Из-за порыжелого холма, который огибала спускающаяся из деревни вниз, к речке, дорога, показался ординарец Кошкина, увидел своего командира, побежал бегом.

— Шифровку расколдовали, — сказал Кошкин.

Ординарец, подбежав, бросил руку к пилотке, хотел что-то доложить, но командир роты опередил:

— Ладно, давай.

Он взял из рук ординарца листок, глянул в него, усмехнулся.

— Так и есть. Через три дня пополнение прибывает. Не могли повременить, черти.

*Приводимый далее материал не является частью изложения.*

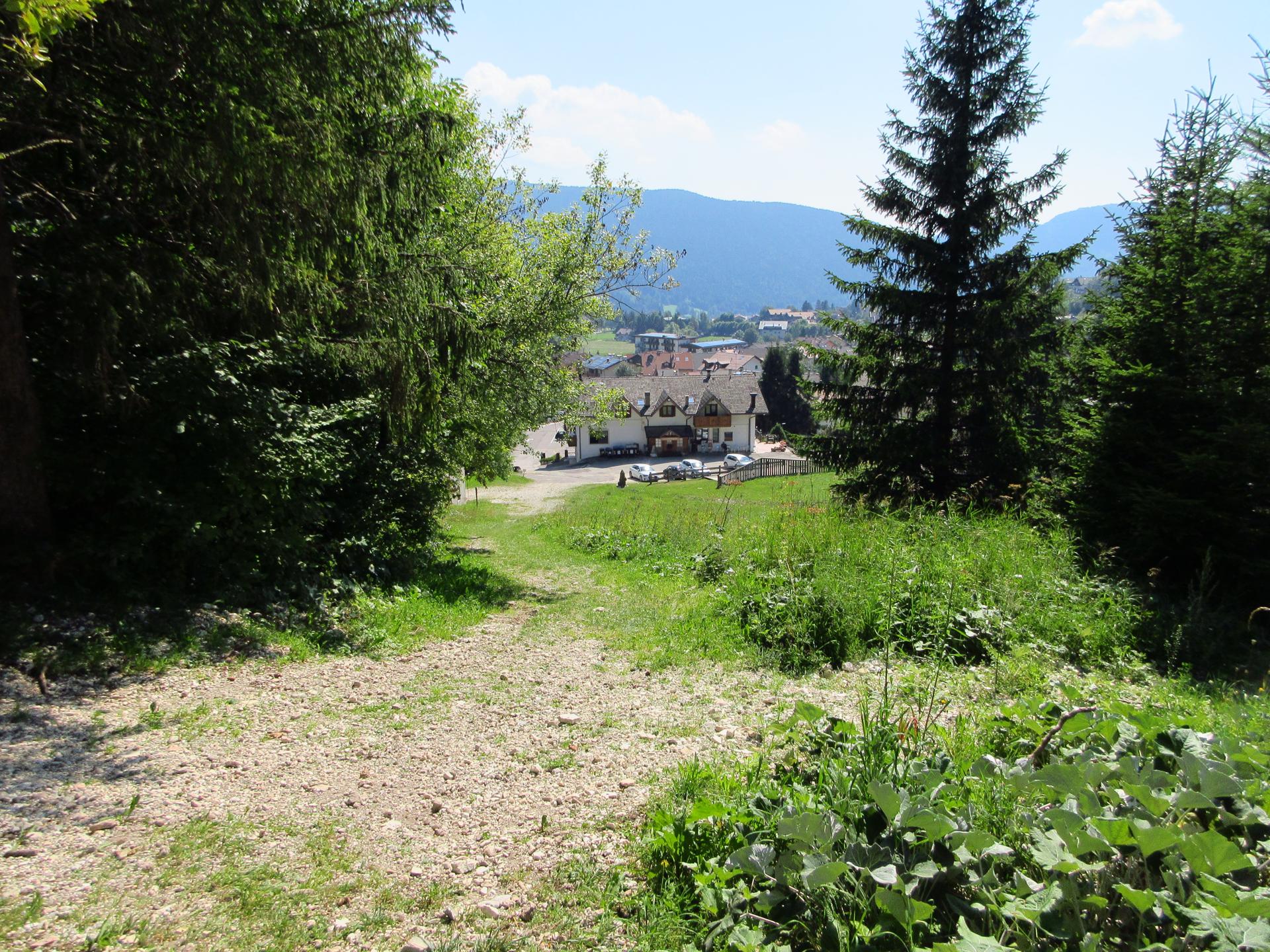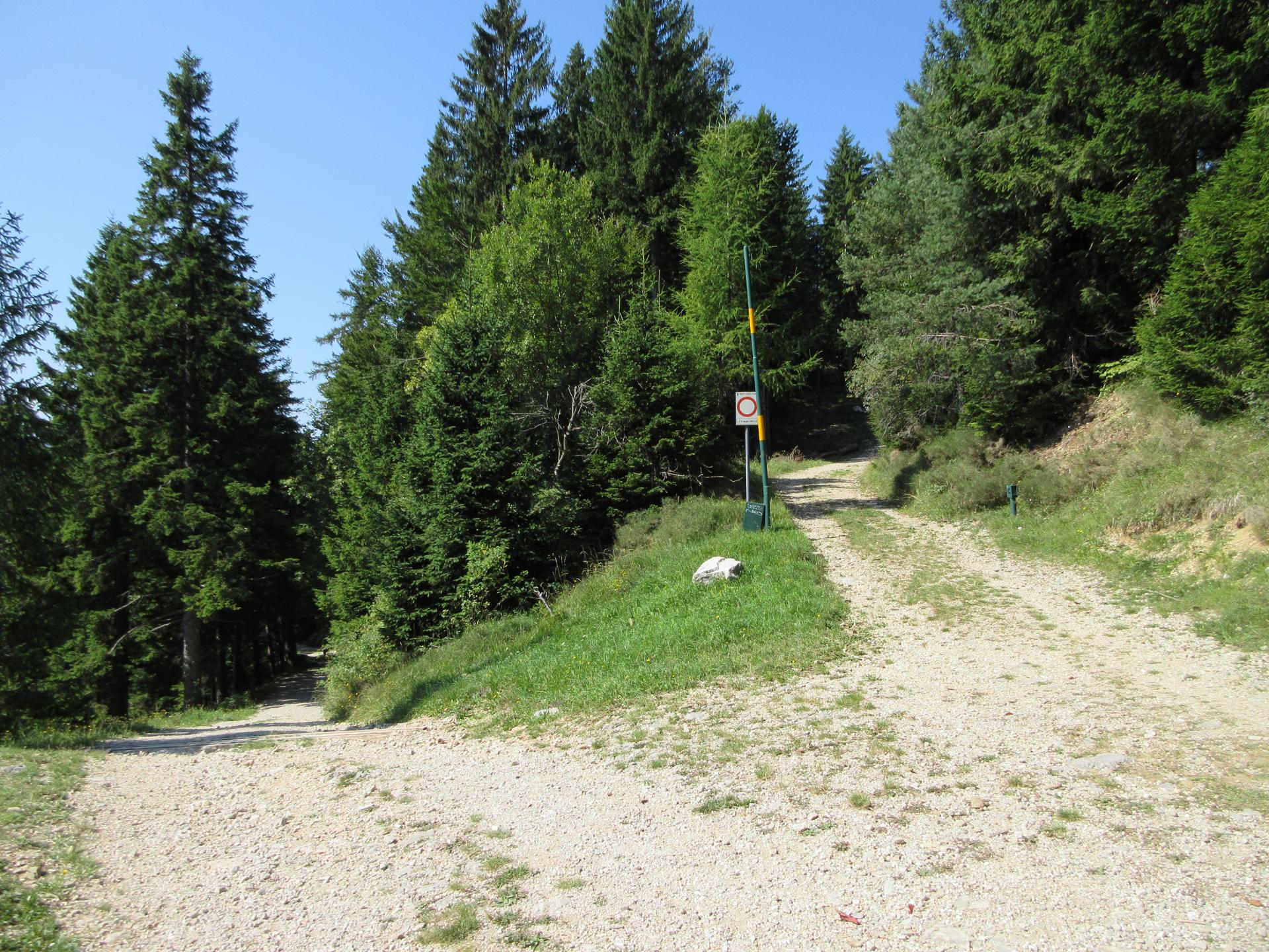 Usciti dal bosco ancora su prato fino ad un altro incrocio. Qui, seguendo la segnaletica, si va a sinistra e poi subito a destra proseguendo su una strada forestale o meglio "strada di arroccamento" come indicato sotto al cartello di divieto di circolazione.

После завтрашнего боя у нас столько дел будет.

— Заботятся об нас, Данила Иванович… — с усмешкой вставил ординарец.

— Разговорчики! — оборвал его Кошкин. — Командиры взводов собрались?

— Так точно, товарищ капитан.

— Ступай. Я сейчас приду.

Ординарец повернулся и побежал обратно к холму.

— Славный парень из него получился. Два раза жизнь мне спасал.

Кошкин положил шифровку в карман гимнастерки, поправил пистолетную кобуру.

— Доукомплектовка под Щиграми будет… — Кошкин усмехнулся. — Веселое это времечко — доукомплектовка — у нас. Поездной конвой отбывает восвояси, а свежие штрафнички и начинают развлекаться. В основном грабеж мирного населения. Отлично знают, предупреждены, что за это расстрел на месте. Но такие есть артисты! Пока утихомирим…

— Да, представляю. Не представляю только, как справляетесь.

— Остатки от прежнего состава крепко помогают. Знаешь, штрафник, побывавший в бою, совсем другой человек. Удивительно порой, как несколько часов, иногда даже минут — хотя короткие бои у нас случаются редко — меняют людей. Такие уркаганы, что пробы ставить уже негде, вроде вон моего ординарца, человеческий облик обретают. А то и ягнятами становятся. Туда ведь, за край жизни, заглядывать страшно, там можно многое увидеть. И весь уркаганный лоск сразу лохмотьями слезает… Ну что ж, Яков… — И Кошкин протянул руку.

То ли потому, что Кошкин назвал его просто по имени, то ли оттого, что в голосе командира штрафной роты явственно прозвучала искренность, сердечность даже, Алейников вдруг опять разволновался, как мальчишка, почувствовал, что к лицу подступила вся кровь. И, еще больше смешавшись от мысли, что Кошкин заметит его состояние, торопливо схватил протянутую руку, но не пожал ее, а грубо дернул Кошкина к себе, обнял за горячие плечи.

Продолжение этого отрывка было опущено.